Calif. officials fear fires could merge

Firefighters battling a massive wildfire burning on the edge of the San Bernardino National Forest were preparing for the possibility that the blaze could join another wildfire and become even more difficult to control.

Calif. officials fear fires could merge

By late Thursday, a 48,000-acre fire had destroyed more than 150 homes and buildings. While containment was at 20 percent, it was on course to possibly merge with the 8,200-acre fire in the national forest, where it could feed on vast stands of dead trees.

Officials have not estimated when the fires might merge, but early Friday they were about two miles apart, said California Department of Forestry spokesman Jason Goedecke.

State fire officials said that even if the fires joined, they were at least 15 miles from any areas of dead trees. But if the fires reached deadwood, authorities warned it could be bad.

"You've got 100-foot-tall trees and those are kind of like a torch," said forest spokeswoman Robin Prince.

Gov. Arnold Schwarzenegger declared a state of emergency in San Bernardino County on Thursday. The declaration will provide immediate state assistance to fire officials in need of more firefighters and equipment, and sets the stage for a request for federal disaster funding, said Eric Lamoureux, a state Office of Emergency Services spokesman.

State fire officials said late Thursday they doubted the wildfire would reach the Big Bear resort area about 8 to 10 miles away thanks to a large firebreak cleared by crews. Not taking any chances, San Bernardino County sheriff's deputies began warning residents east of Big Bear Lake, about five miles from the fire, that they should be ready to evacuate.

Dozens of homes in the Morongo Valley were ordered evacuated as flames crept down a hill a few miles away. Some residents stayed behind, their possessions in their cars, monitoring the shifting wind.

"Are we nervous? Yes. Will we stay up tonight? Yes," said Pam Bennett-Wallberg, whose 2 1/2-acre ranch serves as a refuge center for African meerkats.

A few miles away, the 8,200-acre fire was a potential threat to 75 homes. Just 5 percent contained, it was burning at higher elevations that included both brush and timber.

Authorities said smoke from the blazes 100 miles east of Los Angeles could be smelled in Las Vegas and Ogden, Utah.

Swaths of Southern California forests have been weakened by drought and killed by bark beetles. For several years, workers have been cutting down dead trees near communities and roads. Thousands of acres have been cleared but experts say it will take up to 20 years to remove all the deadwood.

The largest fire was ignited by lightning during the weekend and roared into an inferno Tuesday, racing through tiny high desert communities. Forty-five houses, 118 other buildings and 91 vehicles were destroyed in Pioneertown and other communities near Yucca Valley.

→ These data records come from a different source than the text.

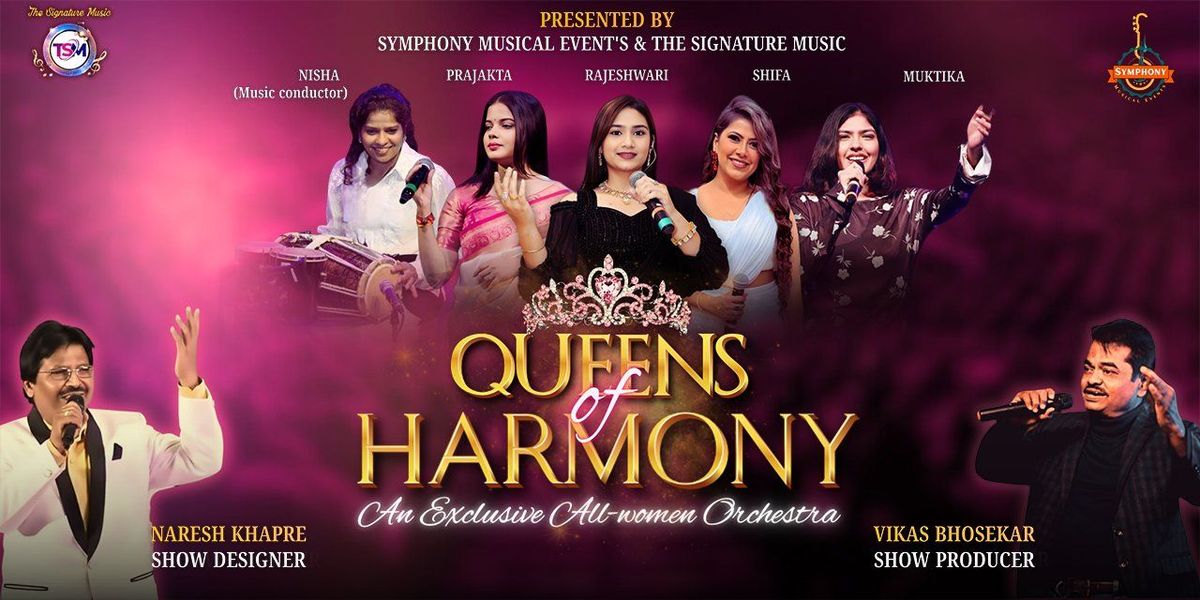 Experience a musical extravaganza like never before! Queens of Harmony is a one-of-a-kind concert that brings together the power, grace, and immense talent of women in the Indian music industry. Breaking the traditional mold, this show features an entirely female lineup—from the powerhouse vocalists to the incredible instrumentalists in the band. It is not just a concert; it is a celebration of rhythm, melody, and the spirit of womanhood.
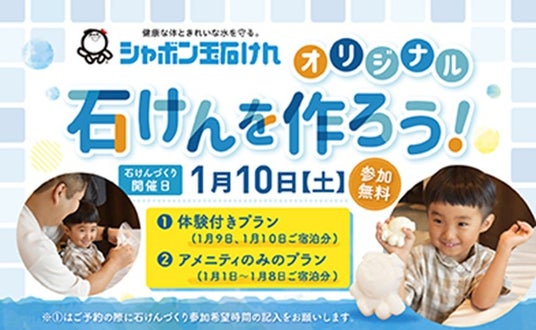 JR九州ホテルズアンドリゾーツ株式会社が運営するJR九州ステーションホテル小倉(福岡県北九州市小倉北区、総支配人 白濱正信)では、ご家族でご宿泊されるお客さまを対象に、2026年1月9日(金)・10日(土)の宿泊者限定で「オリジナル石けん作り体験付宿泊プラン」を販売いたします。本プランでは、地元企業である「シャボン玉石けん株式会社」(福岡県北九州市若松区南二島2丁目23番-1号 代表取締役社長 森田隼人)とタイアップし、オリジナル石けん作り体験に加え、無添加シャンプーなどのアメニティ5種をご用意。ご好評をいただいた前回に続く第2弾として実施する本企画では、新たにフォトスポットの設置や開催スペースの拡大、客室装飾の充実を図りました。日頃、商品企画を専門としないホテルスタッフが、ご家族連れのお客さまに安心してお楽しみいただける体験を提供したいという想いのもと、無添加にこだわって企画・開発した宿泊プランです。
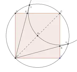 - On peut alors prouver que les droites (AU) et (AV) coupent le carré en deux points qui sont les points E et F recherchés.
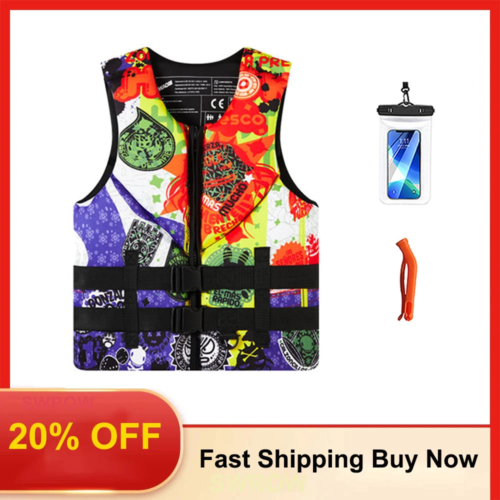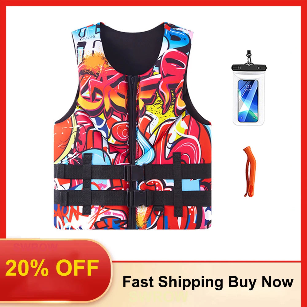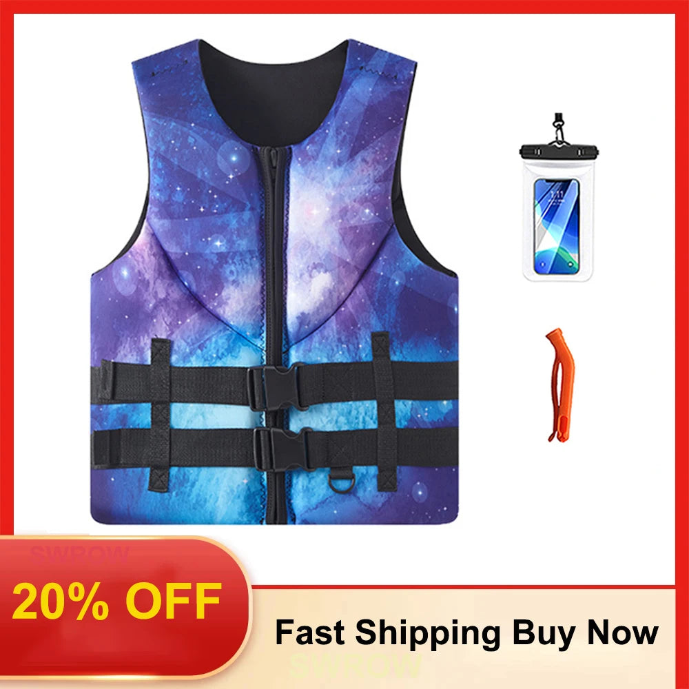 Life Jacket for Adult Super Buoyancy Neoprene Life Vest Surf Kayak Motorboats Raft Rescue Boat Water Sports Swimming
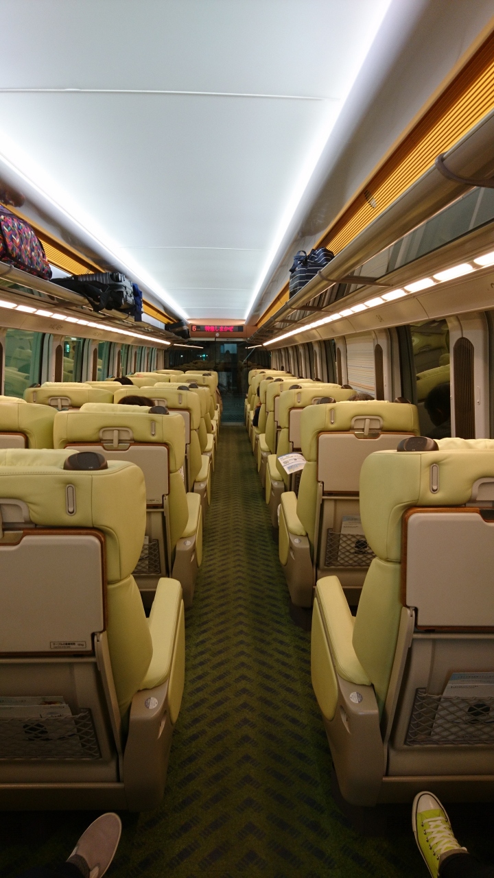 プレミアムシートは1列と2列の間に通路があり、座席は高級感のある本革で、幅も足下もすごく広くて快適でした。リクライニングも自動で、窓も大きいので、ゆったりと景色を眺めることができます。

Pioneertown, established in the 1940s as a location for filming cowboy movies, lost none of its Western-style storefronts.

Elsewhere, crews were working late Thursday to contain a wildfire near Abilene, Texas, that had scorched 500 acres, forced the evacuation of a dozen homes and threatened to burn about 50 large wind turbines. In southern Montana, a group of fires estimated at 30,000 acres were 10 percent contained.